2018 ETE - Shhh Story

T'es pas un mec pour rien tiens ... C'est en substance ce que celle qui partageait ma vie à l'époque me rétorqua lorsque je lui ai raconté ce qui venait de se passer. Et je ne peux, hélas, lui donner tort.

C'est pas de ma faute, j'étais dans ma période d'hyper consommation de chair et de garçon, cette fabuleuse période serial-fucker qui devait bien passer, après tant de convulsions passées qui m'avaient persuadé que l'on n'y reviendrait plus et puis non. J'étais reparti à consommer et sur-consommer, tous les soirs, de nouveaux corps, dans des conditions étranges, fricotant avec des gens peu recommandables mais voilà, ça m'excitait. J'étais un peu l'archétype de celui qui ne réfléchissait plus parce que l'irrigation de son entre-jambes empêchait le cerveau d'être alimenté. et dans ces cas là, on dort peu, on a du jus pour tout et tous et on se jette à corps perdu dans la luxure. Ceux qui n'ont jamais connu cela ne peuvent pas savoir de quoi il retourne et pourraient me juger : qu'importe, j'avais fait le choix d'aller au bout de l'expérience, des expériences même si, rétrospectivement, j'ai pris conscience ensuite des risques insensés pris juste pour jouir.
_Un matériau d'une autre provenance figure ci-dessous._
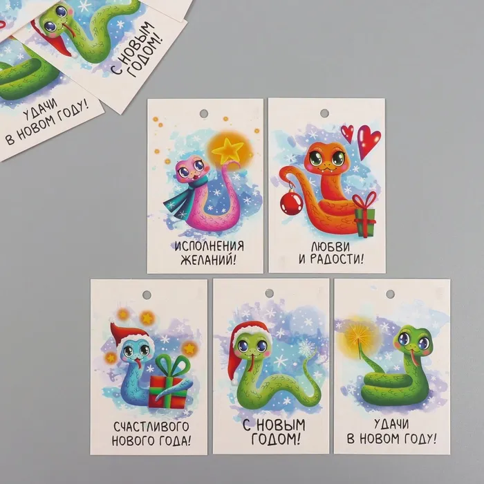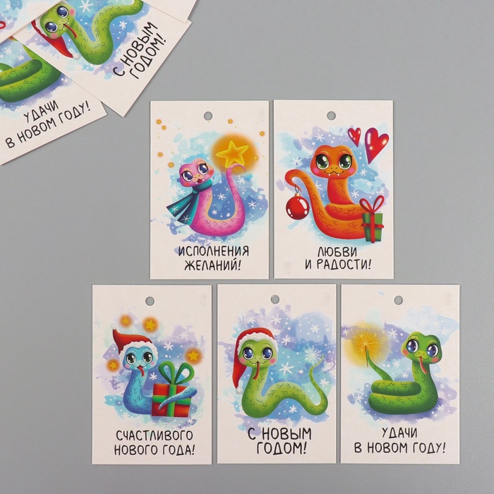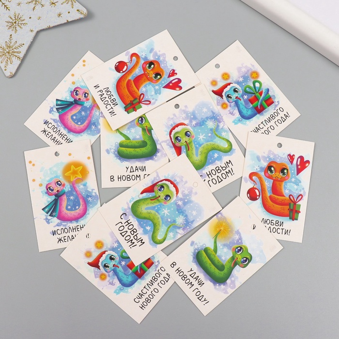 Набор бирок для подарков, цветов «Удачи в Новом Году. Змея», 10 шт. (5 видов), картон, 4×6 см

Son profil était clair : il cherchait à se faire tringler. 18 ans, look à la Justin Timberlake fraîchement sorti du Disney Club ... on dirait aujourd'hui, sans que cela ne soit volé, qu'il s'agissait d'un Twink. Je n'aimais pas les mecs comme ça mais ce soir là, tandis que j'avais commencé à regarder "Les Deux Tours" de la trilogie du "Seigneur des Anneaux", j'avoue que ce qu'il était en train de me proposer me donnait un peu plus envie. On ne pouvait pas aller chez lui, son père était là avec sa nouvelle compagne. Lui n'était pas motorisé et moi j'avais fixé comme ligne rouge de ne jamais recevoir chez moi parce que je ne vivais pas seul précisément [et je faisais déjà assez ce que je voulais en la matière]. En discutant un peu et en me prêtant au jeu de l'attraction/répulsion, j'ai fini par le motiver à sortir malgré le froid piquant du moment. J'avais une voiture mais pas d'endroit où aller. Comme je voulais éviter de tomber dans je ne sais quel traquenard, j'avais posé comme condition de ne me déplacer que si on savait ce que l'on allait faire ... donc où on allait baiser.

C'est alors qu'il m'indiqua qu'il connaissait un endroit dans le Bois de Verrières. Moi, dans une forêt la nuit ! Moi ? Comment dire, je suis pétrifié par les forêts en pleine obscurité parce que s'il y a bien une chose qui m'épouvante depuis que je suis tout petit, c'est bien de me retrouver dans un tel environnement où tous les fantasmes de petits garçons [les sorcières, les brigands, les monstres et autres avatars] se disputent un tel territoire à raison du crépuscule. Diable ! C'est soit passer outre cette phobie et m'envoyer en l'air, ou rester entre les mains de Peter Jackson à revoir un film qui sera long et que j'ai déjà vu avec les couilles pleines. J'ai beaucoup hésité et alors que j'avais mis la clef de contact pour démarrer, je me demandais toujours si j'avais fait le bon choix. Finalement, je ne le connaissais pas, ne savait rien de lui et nous venions simplement d'échanger nos numéros de téléphone. Et si j'étais tombé sur un serial killer qui m'attirait dans un endroit reculé pour me détrousser ou me faire la peau ? Se vider les couilles en prenant autant de risques était-il bien raisonnable ? On n'est jamais vraiment raisonnable dans ces cas là ...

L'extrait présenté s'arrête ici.